Electrification will play a major role in the future of the automotive industry
When Agag first mooted the venture to race cars powered by electricity, he was decried by rivals and sceptics. Now he has a blue-chip roster of companies on board, including Jaguar, Audi, BMW, Renault and Citroën, and races in city centres from Hong Kong this weekend to Paris, Berlin, Buenos Aires, Brussels and New York.
Mercedes are contracted to Formula One until 2020 but with three constructors’ championships almost achieved and costs rising to astronomical levels, it is thought senior executives in Stuttgart are weighing up the options for the future.
While the move to hybrid engine power has been acknowledged as a technical tour de force, fans are thought to be ambivalent and manufacturers are unhappy that the Formula One authorities have failed to throw their weight behind it.
Although Formula E executives admit the limitations of their series at the moment — hampered by how long the batteries will last — technical developments are expected to come on by leaps and bounds.
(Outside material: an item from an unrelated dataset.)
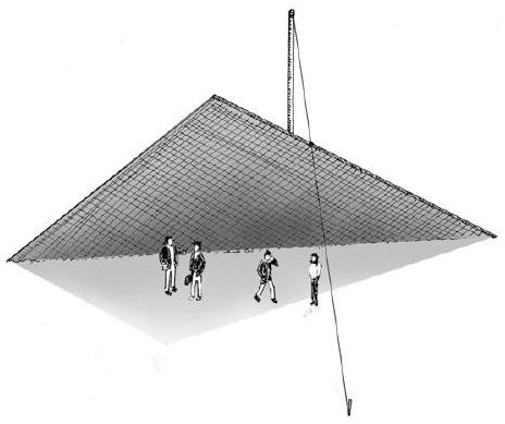 Un mat situé derrière le toit retient ce dernier par l'intermédiaire d'un cable d'acier tendu entre le sommet de ce mat et le sol.

Every major carmaker in the world is now investing heavily in battery power and motor racing is seen as a fast-track way to develop.
Wolff admitted that Mercedes were “looking at all the options available in the future of motor racing”, and added: “Electrification will play a major role in the future of the automotive industry. Racing has always been a technology research and development platform for the motor industry and this will make Formula E very relevant in the future.”
Mercedes have the best engine development facility in the world at Brixworth in Northamptonshire where a British-led team of scientists overcame the complexities of hybrid technology capable of generating more than 1,000 horsepower.
That knowhow could quickly to be turned to harnessing electricity for racing at the same level of speed as Formula One.
The question for Formula One is whether it remains a technical pinnacle or is overtaken by Formula E. The writing on the wall was magnified by the decision of both BMW and Jaguar to join this season. Jaguar is pouring money into electrical development for road cars at its Midland headquarters, while BMW already has a model range on the market.
This may be a concern, too, for Liberty Media, the American conglomerate, aiming to take over Formula One by next year. Liberty will want a long-term game plan in return for scheduled investment of £6 billion and manufacturers — particularly the leading team that employs Hamilton, the three-times world champion — going over the pitwall to Formula E is not in that plan.
Meanwhile, Mercedes will have the engine that blew up under Hamilton in Malaysia last weekend back in Brixworth today to undergo investigations. The team hope to nail down what exactly went wrong to rob Hamilton of victory so that any further problems can be avoided at Suzuka.
However, executives stress that the team is on course to clinch a third world constructors’ championship for a third year in a row, while either Hamilton or Nico Rosberg, his team-mate, will be the champion driver.